I saw it , was just confused about it from the other pages.


----------



## WoodlandScout82 (Dec 11, 2021)

So this means I can't go after coyotes on Cohutta with my .25-06 during furbearer season? If that's so, then my last season at Cohutta is over...


----------



## 35 Whelen (Dec 11, 2021)

WoodlandScout82 said:


> So this means I can't go after coyotes on Cohutta with my .25-06 during furbearer season? If that's so, then my last season at Cohutta is over...

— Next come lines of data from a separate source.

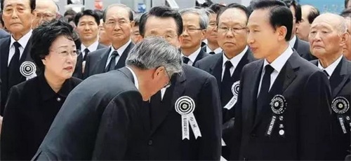 在卢武铉的葬礼上,面对李明博,文在寅强忍悲痛,向民众宣布:"这不是结束,而是新的开始。"
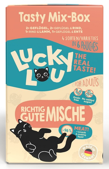 - Lucky Lou Lifestage Adult Tasty Mix-Box Lucky Lou Lifestage jest karmą pełnoporcjową dla kotów. Nie zawiera zbóż ani cukru. Mokre, wysokiej jakości jedzenie, które przypadnie do gustu kocim...
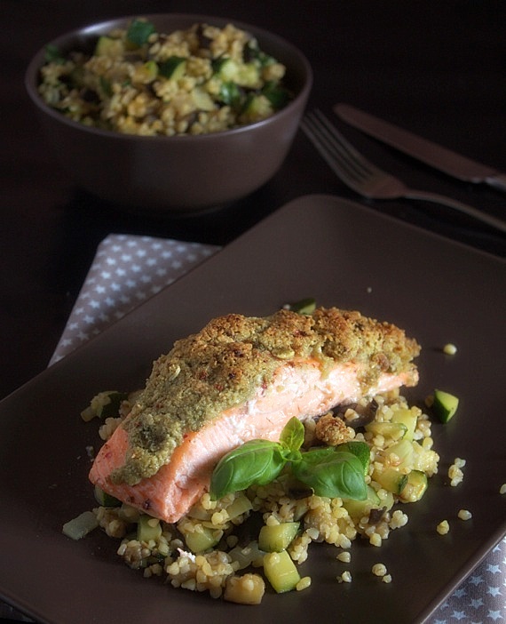- Pokrój bakłaża,cukinię, cebulę w kostkę, a czosnek w plasterki. Smaż na oliwie do miękkości, po czym dodaj ugotowany, ciepły bulgur i lekko porwane liście bazylii. Wymieszaj delikatnie i podaj razem z upieczonym łososiem.

You can kill all the coyotes and hogs you want to from now until February 28th, just have to use small game weapons.


----------



## Professor (Dec 11, 2021)

35 Whelen said:


> You can kill all the coyotes and hogs you want to from now until February 28th, just have to use small game weapons.


A really good reason to go buy a nice 22 mag or 17 caliber rifle.


----------



## jbogg (Dec 11, 2021)

Professor said:


> A really good reason to go buy a nice 22 mag or 17 caliber rifle.



Don’t forget that muzzle loaders are also a legal option during small game as well as turkey season, so close to eight months of hog hunting on public land if you choose to.  My inexpensive .50 cal CVA wolf has worked well on hogs over the past few years.


----------



## livinoutdoors (Dec 12, 2021)

Yep, get a muzzle loader. I got a cva wolf on the advice of @jbogg and others and seems great so far. I got a nice basic black iron sights model for a couple hundred bucks. Very easy to carry and shoot.


----------



## WoodlandScout82 (Dec 12, 2021)

Professor said:


> A really good reason to go buy a nice 22 mag or 17 caliber rifle.


 I've done pretty well with the LR variety of .22 rimfires over the years.


----------